SEO KNOWLEDGE HUB & TECHNICAL OVERVIEW

Standardizing Agent Capabilities with SKILL.md and Model Context Protocol (MCP)

In the rapidly evolving landscape of artificial intelligence, LLM agents (Large Language Model agents) have transitioned from simple text predictors to autonomous problem solvers. To orchestrate complex, multi-step agentic workflows, developers require a standardized format to specify agent capabilities, prompt instructions, system rules, and database bindings. This is where SKILL.md and the Model Context Protocol (MCP) have emerged as standard developer paradigms. SkillMD serves as the central directory for indexing, exploring, and sharing these critical agent configurations.

Our open-source registry currently tracks over 1.7 million collected SKILL.md configurations and system prompts. By compiling agent configurations from active developers on GitHub, we bridge the gap between prompt engineering research and production execution. Whether you are building agents with Anthropic's Claude Code, OpenAI's GPT-4, Google's Gemini, or local models using Ollama and LlamaIndex, standardized skill definitions ensure your agents behave predictably across different runtime environments.

What is the Model Context Protocol (MCP)?

The Model Context Protocol (MCP) is an open-source standard designed to connect LLMs to data sources, developer tools, and external environments. MCP establishes a bidirectional communication channel between client applications (like Cursor, Claude Desktop, or custom agent systems) and servers hosting data or capabilities. Standardizing instructions via SKILL.md enables LLMs to query databases, read local files, execute terminal commands, and integrate third-party APIs. SkillMD allows you to find ready-to-run MCP servers and prompt instructions for various occupations and technical tasks.

The Structure of a Professional SKILL.md File

A valid SKILL.md configuration is designed to be easily read by humans and parsed by LLMs. It contains precise system instructions, trigger conditions, required parameters, and execution examples. Below is the typical architectural blueprint of a professional agent skill:

  • Metadata & Core Scope: Declares the name of the skill, author details, target models, and a description of the capability.
  • Triggers & Intent Detection: Details semantic triggers that help the agent decide when to invoke this skill.
  • System Prompts: Explicit system-level instructions that direct the agent's behavior, personality, safety guardrails, and formatting preferences.
  • Capabilities & Tools: Lists the files, databases, or APIs the agent must access to complete the tasks.
  • Few-Shot Examples: Demonstrates real inputs and outputs, helping the model generalize behavior through in-context learning.

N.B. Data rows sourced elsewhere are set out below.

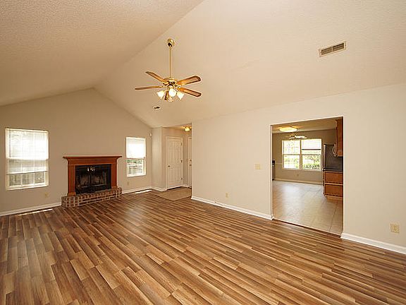 Welcome home to this ranch style home located in Woodland Lakes that is move in ready with new flooring and paint. As you enter the home, you are welcomed into the large, open family room which includes vaulted ceilings, laminate wood flooring, glass sliding doors, wood burning fireplace and a ceiling fan. Just off the family room you will find the kitchen which includes hard surface countertops, a ceiling fan in the eat-in area, a detached island and new stainless appliances. Located just down the hall is the master bedroom with new carpet, cathedral ceilings, a ceiling fan, a walk-in closet & a full bath including a separate shower and garden tub. The home feartures two large additonal spare bedrooms with new carpet and a hall bath with a tub/shower combo . As you exit the family room, you will find a large screen porch which has been re-screened and a large backyard that has a privacy fence and a storage building. Don't forget, the home features a large room above the garage which is perfect for a 4th bedroom or a flex space. There is also a 2-car garage with a garage door opener. The home is convenient to shopping and schools.
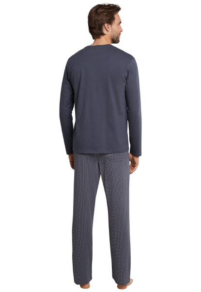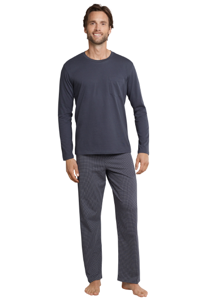 Deze grijze pyjama met lange broek heeft een stijlvolle look en is van 100% zacht katoen. Het bovenstuk heeft een ronde hals en borstzakje. De lange broek heeft een all-overprint van witte cirkeltjes, die discrete details biedt door de lintsluiting aan de band en de achterzak. De lichte en luchtige single jersey geeft comfort en garandeert aangename nachten van uitstekende SCHIESSER-kwaliteit!
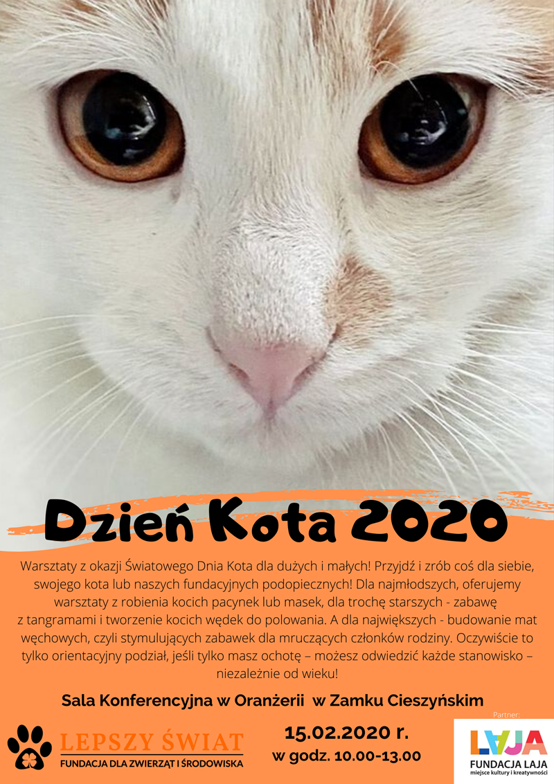 Fundacja dla Zwierząt i Środowiska „Lepszy Świat”, zaprasza wszystkich mieszkańców Cieszyna (i okolic) na wspólne obchody Światowego Dnia Kota! Już 15.02.2020 r. w godz. 10.00-13.00 w Sali Konferencyjnej w budynku Oranżerii Zamku Cieszyn odbędą się warsztaty dla Dużych i Małych.
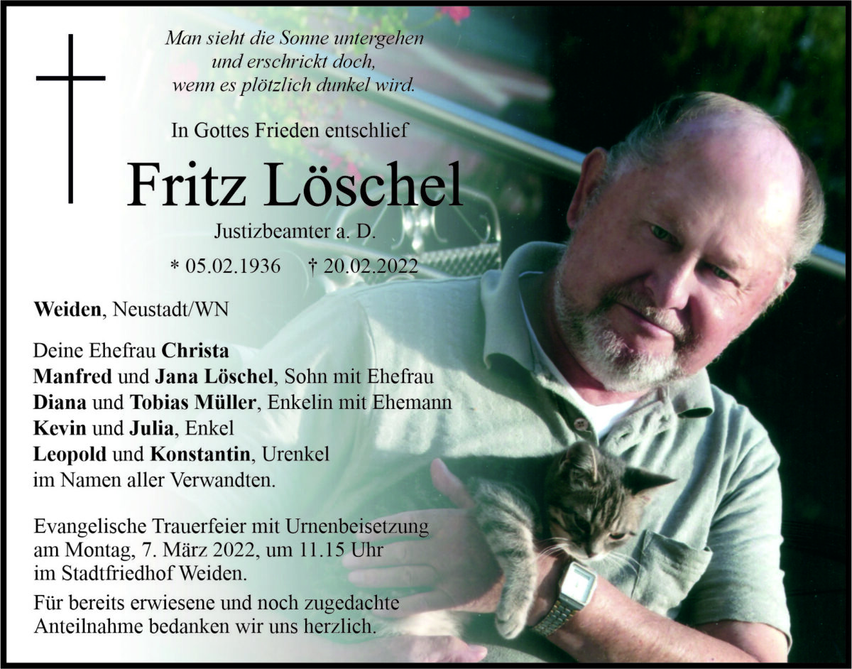 Traueranzeige Fritz Löschel, Weiden 03. März 2022, 06:00 Uhr Von: redaktion Traueranzeige Fritz Löschel, Weiden Landkreis Neustadt/WN Neustadt/WN Stadtgebiete Weiden Weiden Stadt
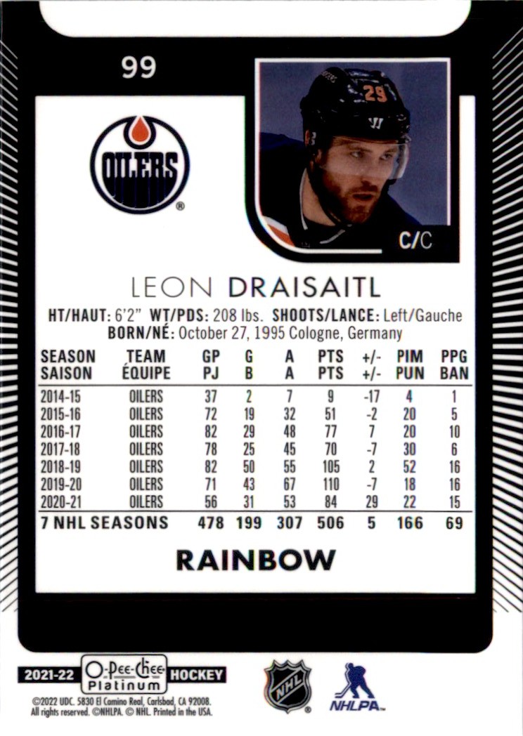 | Leon Draisaitl 2021-22 O-Pee-Chee Platinum Rainbow #99 Edmonton Oilers |

Optimizing Agent Workflows for Modern LLMs

Writing effective agent skills requires deep knowledge of prompt engineering. With the release of advanced reasoning models like Claude 3.5 Sonnet, ChatGPT o1, and DeepSeek-V3, prompt templates must focus on structured thinking. Developers are encouraged to use XML tags (e.g., <thought>, <context>, and <rules>) to isolate execution boundaries. Standardized prompts prevent agents from suffering from context drift, ensuring that long-running tasks remain aligned with the initial system parameters.

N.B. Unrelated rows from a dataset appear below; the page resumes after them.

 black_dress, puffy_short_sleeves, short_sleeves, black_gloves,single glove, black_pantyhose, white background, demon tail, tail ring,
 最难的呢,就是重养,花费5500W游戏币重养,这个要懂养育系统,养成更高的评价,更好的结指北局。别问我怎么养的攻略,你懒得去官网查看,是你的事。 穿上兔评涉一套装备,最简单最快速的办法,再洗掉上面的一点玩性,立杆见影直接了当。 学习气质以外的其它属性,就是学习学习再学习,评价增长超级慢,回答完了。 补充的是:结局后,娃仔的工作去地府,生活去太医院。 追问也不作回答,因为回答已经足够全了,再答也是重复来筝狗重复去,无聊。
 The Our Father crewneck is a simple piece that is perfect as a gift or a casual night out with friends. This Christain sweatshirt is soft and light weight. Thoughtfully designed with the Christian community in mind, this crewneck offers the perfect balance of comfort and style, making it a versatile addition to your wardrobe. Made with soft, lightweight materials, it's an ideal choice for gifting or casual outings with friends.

Exploring by SOC Occupations and Creator Profiles

What makes SkillMD unique is its taxonomy. Instead of simple text search, we parse and organize files according to the Standard Occupational Classification (SOC) system. This means you can discover skills written for Computer and Mathematical roles, Business and Financial operations, Legal, Design, and and Educational Instruction fields. By tracking creator profiles, developers can study how different teams organize their custom instructions, compare version updates, and fork public configs for specialized enterprise use cases.

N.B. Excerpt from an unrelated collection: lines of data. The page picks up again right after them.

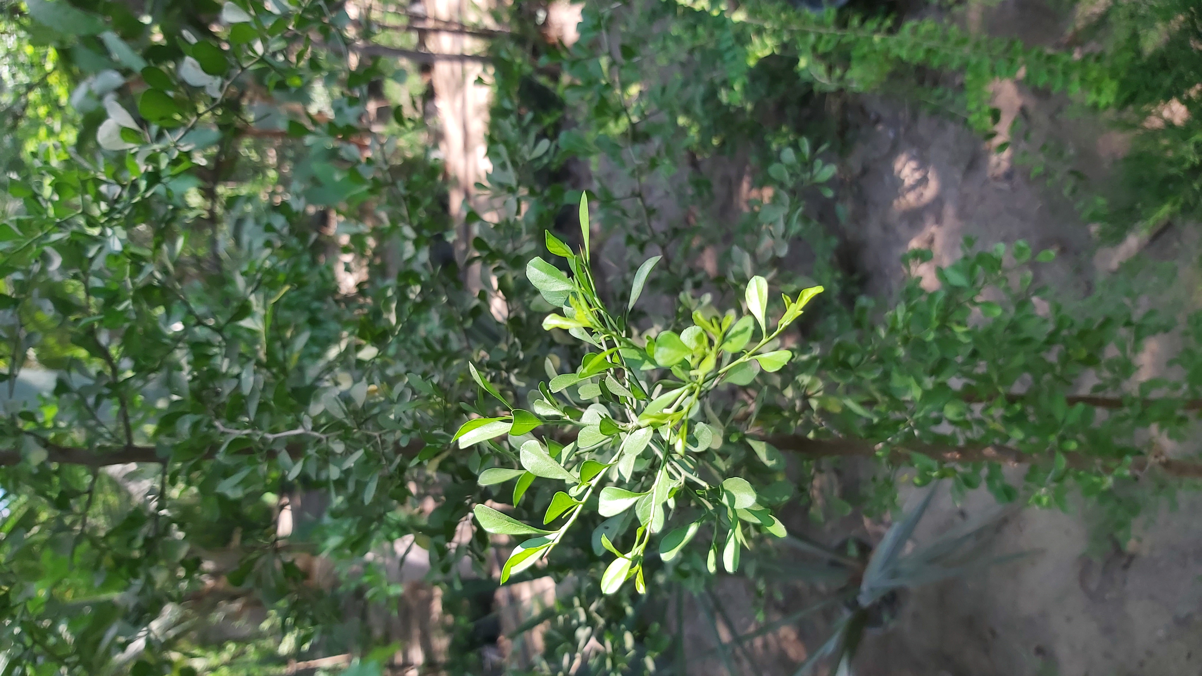 Small tree, deciduous,  growing up to 10 m tall leaves elliptical oval flowers yellowish green fruit globose black, drupe 6-10 mm across
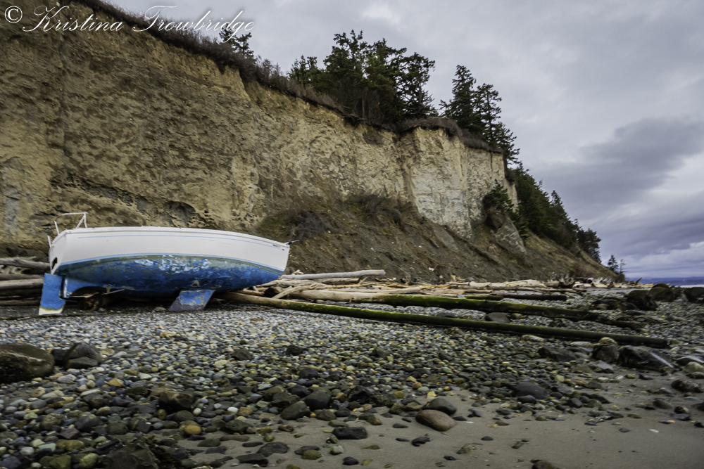 Washed up logs and beached sailboat
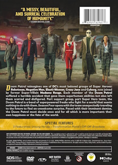 Description:  Doom Patrol reimagines one of DC's most beloved groups of Super Heroes: Robotman, Negative Man, Elasti-Woman, Crazy Jane and Cyborg, now joined by former Super-Villain Madam Rouge. Each member of the Doom Patrol suffered a horrible accident that gave them superhuman abilities but also left them scarred and disfigured. Part support group, part Super Hero team, the Doom Patrol is a band of superpowered freaks who fight for a world that wants nothing to do with them. Season 4 opens with the team unexpectedly traveling to the future to find an unwelcome surprise. Faced with their imminent demise, the Doom Patrol must decide once and for all which is more important: their own happiness or the fate of the world.
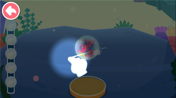 落石清理完毕,接下来就该进入洞窟,寻找水母宝宝啦!寻找时,宝宝可要注意安全:前方有礁石,绕开它才不会撞晕;洞窟中还有电鳗出没,宝宝快躲开!瞧,终于找到水母宝宝啦。

SkillMD operates as a high-performance index running on a fast Go backend and a highly responsive Astro SSR frontend. All search queries execute in milliseconds, featuring smart debouncing to prevent multiple API requests while keeping user data secure. Join our community of developers to standardize your AI agent instructions and optimize your LLM prompting workflows today.

8 QUESTIONS

Frequently Asked Questions

A practical guide to agent skills: what they are, how to inspect them, and how SkillMD helps you explore the ecosystem.